— Material provided —
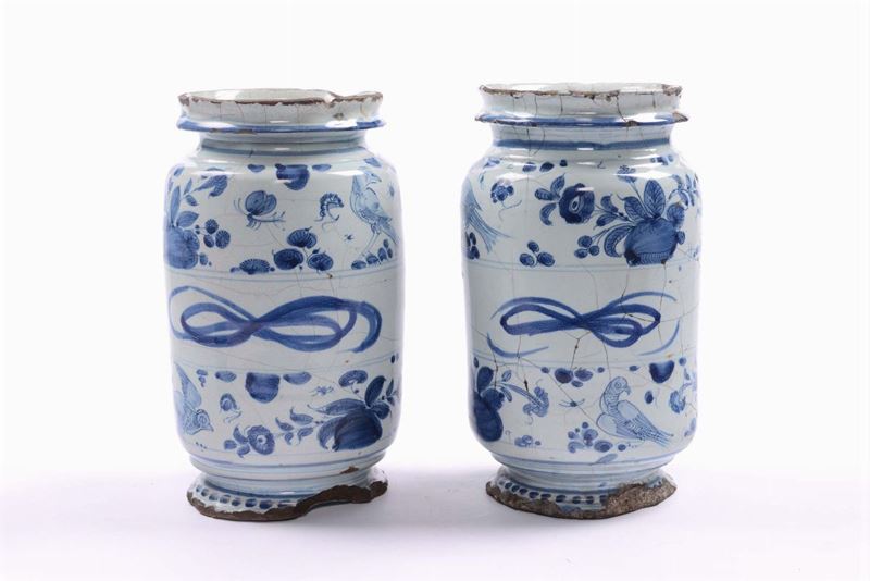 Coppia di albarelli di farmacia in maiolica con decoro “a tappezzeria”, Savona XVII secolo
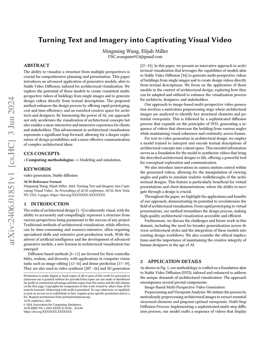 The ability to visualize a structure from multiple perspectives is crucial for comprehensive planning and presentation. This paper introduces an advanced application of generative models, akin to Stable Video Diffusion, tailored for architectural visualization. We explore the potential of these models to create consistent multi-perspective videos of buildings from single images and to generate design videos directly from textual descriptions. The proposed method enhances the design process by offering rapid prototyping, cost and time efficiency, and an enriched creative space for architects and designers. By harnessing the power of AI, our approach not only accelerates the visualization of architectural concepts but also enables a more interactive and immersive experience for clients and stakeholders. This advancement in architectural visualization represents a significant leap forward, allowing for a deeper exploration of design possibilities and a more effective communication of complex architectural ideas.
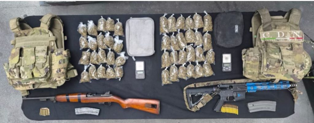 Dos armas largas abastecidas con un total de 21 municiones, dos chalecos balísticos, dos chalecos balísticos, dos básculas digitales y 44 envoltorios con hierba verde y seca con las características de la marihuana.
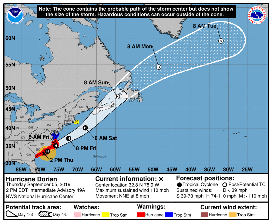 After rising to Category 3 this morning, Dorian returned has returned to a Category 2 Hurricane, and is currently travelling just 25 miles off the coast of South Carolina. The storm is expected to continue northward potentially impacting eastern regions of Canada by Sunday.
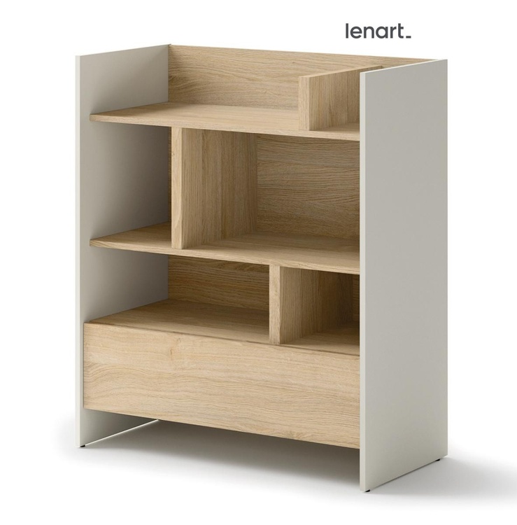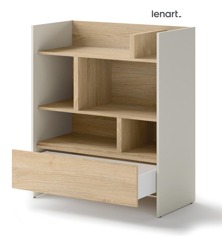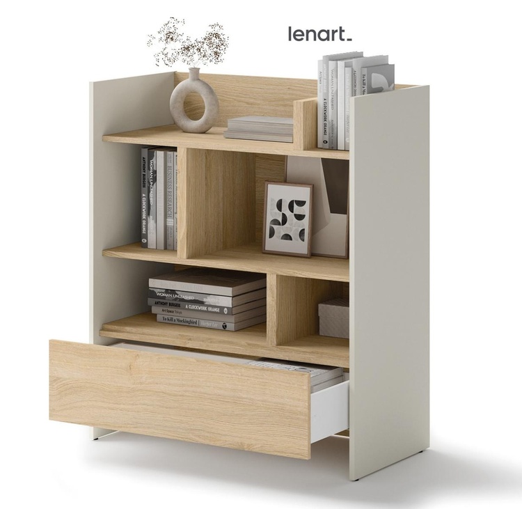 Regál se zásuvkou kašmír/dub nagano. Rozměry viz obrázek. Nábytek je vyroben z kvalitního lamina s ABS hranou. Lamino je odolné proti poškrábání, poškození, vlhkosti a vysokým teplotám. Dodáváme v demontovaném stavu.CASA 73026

— Assignment —
Write out the whole listing verbatim, images excluded.

— Written response —
 Coppia di albarelli di farmacia in maiolica con decoro “a tappezzeria”, Savona XVII secolo
 The ability to visualize a structure from multiple perspectives is crucial for comprehensive planning and presentation. This paper introduces an advanced application of generative models, akin to Stable Video Diffusion, tailored for architectural visualization. We explore the potential of these models to create consistent multi-perspective videos of buildings from single images and to generate design videos directly from textual descriptions. The proposed method enhances the design process by offering rapid prototyping, cost and time efficiency, and an enriched creative space for architects and designers. By harnessing the power of AI, our approach not only accelerates the visualization of architectural concepts but also enables a more interactive and immersive experience for clients and stakeholders. This advancement in architectural visualization represents a significant leap forward, allowing for a deeper exploration of design possibilities and a more effective communication of complex architectural ideas.
 Dos armas largas abastecidas con un total de 21 municiones, dos chalecos balísticos, dos chalecos balísticos, dos básculas digitales y 44 envoltorios con hierba verde y seca con las características de la marihuana.
 After rising to Category 3 this morning, Dorian returned has returned to a Category 2 Hurricane, and is currently travelling just 25 miles off the coast of South Carolina. The storm is expected to continue northward potentially impacting eastern regions of Canada by Sunday.
 Regál se zásuvkou kašmír/dub nagano. Rozměry viz obrázek. Nábytek je vyroben z kvalitního lamina s ABS hranou. Lamino je odolné proti poškrábání, poškození, vlhkosti a vysokým teplotám. Dodáváme v demontovaném stavu.CASA 73026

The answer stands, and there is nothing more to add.